Programmations : le casse-tête pour éviter le casse-pipe

dossier : embouteillage / Ce n'est un secret pour personne : le monde de la culture a subi de plein fouet la crise du Covid 19 dans une confusion générale des plus frustrantes. Pour un coup d’œil dans le rétroviseur sans quitter la route des yeux, revenons avec quelques professionnels du milieu sur l’imbroglio des programmations qui complique la donne.

Programmateurs, producteurs, gérants de salles, collectivités locales, techniciens, artistes, tous ont vécu avec les mêmes sueurs froides les déprogrammations en cascades, les annulations et les reports, les vrais et les faux espoirs. Responsable du développement des publics à la Comédie de Saint-Étienne, Julien Devillers dresse le bilan. « Nous avons dû annuler 14 spectacles sur la saison passée, soit 57 représentations non jouées. Seulement 4 d’entre eux ont pu être reportés sur la saison 21/22. Lors de notre réouverture en juin dernier, 10 spectacles ont pu être joués, soit 32 représentations sauvées. 60% de notre public a fait don à La Comédie des places perdues, déclinant notre proposition de remboursement. C’est un geste très fort. »
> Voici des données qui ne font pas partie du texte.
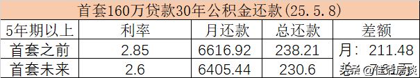 第二,公积金正式下调利率0.25个百分点,如果按公积金首房首贷30年账期贷款160万去算,较之前每个月少还200多块钱,总额少7万多块钱。这不等于买房优惠了7万多么~

Au Centre Culturel de la Ricamarie, 10 spectacles ont été annulés sur les deux dernières saisons, dont 6 seront reprogrammés cette année. Cécile Moulin précise : « L'idée est de ne pas abandonner les créations de la saison dernière, tout en évitant d’impacter celles à venir. Pour cette nouvelle saison, nous avons augmenté le nombre de spectacles et le nombre de représentations, grâce notamment au plan de relance pour la culture. »

Les salles obscures ont, elles aussi, été mises à mal. Directeur des cinémas Le Méliès, Paul-Marie Claret explique : « Nous avons connu 7 mois de fermeture, soit plus de 5200 séances qui n'ont pas pu se tenir. On ne peut pas tout à fait parler d'annulations mais plutôt du choix que certains distributeurs ont fait de diffuser sur des plateformes des films qui devaient sortir en salles ! A l’inverse, nous avons dû faire face à une offre très importante au moment de la réouverture, car les films se sont inévitablement accumulés. »

Le bon timing

Dans les bureaux de la SMAC stéphanoise, Marilou Andrieu fait les comptes : « Une centaine de concerts ont été touchés, en grande partie annulés. Nous avons toutefois reporté en priorité les groupes accompagnés par Le Fil à travers ses différents dispositifs. Nous aurons donc plusieurs reports de dates à l’automne, avec bien sûr beaucoup de nouveaux projets artistiques. » Administrateur du Solar, Alexis Burlot a dû mille fois réajuster le calendrier des concerts du nouveau jazz club stéphanois porté par l’association Gaga Jazz. « Nous avons annulé 5 concerts sur la fin de la saison 19-20 et une quinzaine sur la saison 20-21. Parmi toutes ces dates, une majorité sont reportées sur la saison 21-22 qui débute. Plusieurs événements, comme la venue de notre parrain Laurent de Wilde et de notre marraine Anne Paceo, sont des projets qui étaient initialement prévus sur les deux saisons précédentes. Pendant les fermetures, nous avons accueilli sept groupes en résidence ainsi qu’un livestream à l’occasion du Jazz Day. »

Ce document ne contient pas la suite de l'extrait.